Data provided section start

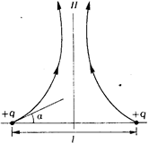 Ф946. Два одинаковых точечных заряда q > 0 находятся на расстоянии l друг от друга. На какое минимальное расстояние «подойдет» к плоскости симметрии П силовая линия, выходящая из левого заряда под углом a к прямой, соединяющей заряды? Под каким углом к плоскости симметрии будет расположена эта линия при удалении на большое расстояние от зарядов? В. А. Нахшин
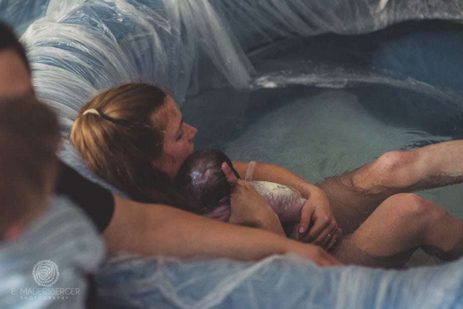 Ich hebe unser Kind schließlich aus dem Wasser und lasse mich nach hinten auf den Po fallen. So kann ich mich an der Wand des Pools anlehnen. Ich betrachte dieses kleine lila Bündel in meinen Armen und atme durch. Noch regt sich nichts. Ich flüstere „Atme! Du musst atmen.“ Und dann ertönt eine kleine zarte Stimme. Der erste Schrei.
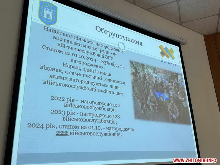 «Найбільша кількість нагороджених відзнакою міської ради – це військовослужбовці Збройних сил України. Станом на 1 жовтня – це 83% від усіх нагороджених. Наразі один із видів відзнак, а саме – тактичні годинники, якими нагороджуються лише військовослужбовці, закінчилися. Трохи статистики – у 2022 році у нас були нагороджені 102 військовослужбовці, 2023 рік – 128, станом на 1 жовтня 2024 року – 222 військовослужбовці. Тому на 2024 рік ми просимо плюс 70 тисяч гривень саме на закупівлю тактичних годинників, на 2025 рік – плюс 100 тис. грн також суто на тактичні годинники», - сказав начальник управління звернень та діловодства міської ради Віталій Скороход.

Data provided section end

## What the task asks
Apart from the images, every line above needs to be printed again exactly.

## Final answer
 Ф946. Два одинаковых точечных заряда q > 0 находятся на расстоянии l друг от друга. На какое минимальное расстояние «подойдет» к плоскости симметрии П силовая линия, выходящая из левого заряда под углом a к прямой, соединяющей заряды? Под каким углом к плоскости симметрии будет расположена эта линия при удалении на большое расстояние от зарядов? В. А. Нахшин
 Ich hebe unser Kind schließlich aus dem Wasser und lasse mich nach hinten auf den Po fallen. So kann ich mich an der Wand des Pools anlehnen. Ich betrachte dieses kleine lila Bündel in meinen Armen und atme durch. Noch regt sich nichts. Ich flüstere „Atme! Du musst atmen.“ Und dann ertönt eine kleine zarte Stimme. Der erste Schrei.
 «Найбільша кількість нагороджених відзнакою міської ради – це військовослужбовці Збройних сил України. Станом на 1 жовтня – це 83% від усіх нагороджених. Наразі один із видів відзнак, а саме – тактичні годинники, якими нагороджуються лише військовослужбовці, закінчилися. Трохи статистики – у 2022 році у нас були нагороджені 102 військовослужбовці, 2023 рік – 128, станом на 1 жовтня 2024 року – 222 військовослужбовці. Тому на 2024 рік ми просимо плюс 70 тисяч гривень саме на закупівлю тактичних годинників, на 2025 рік – плюс 100 тис. грн також суто на тактичні годинники», - сказав начальник управління звернень та діловодства міської ради Віталій Скороход.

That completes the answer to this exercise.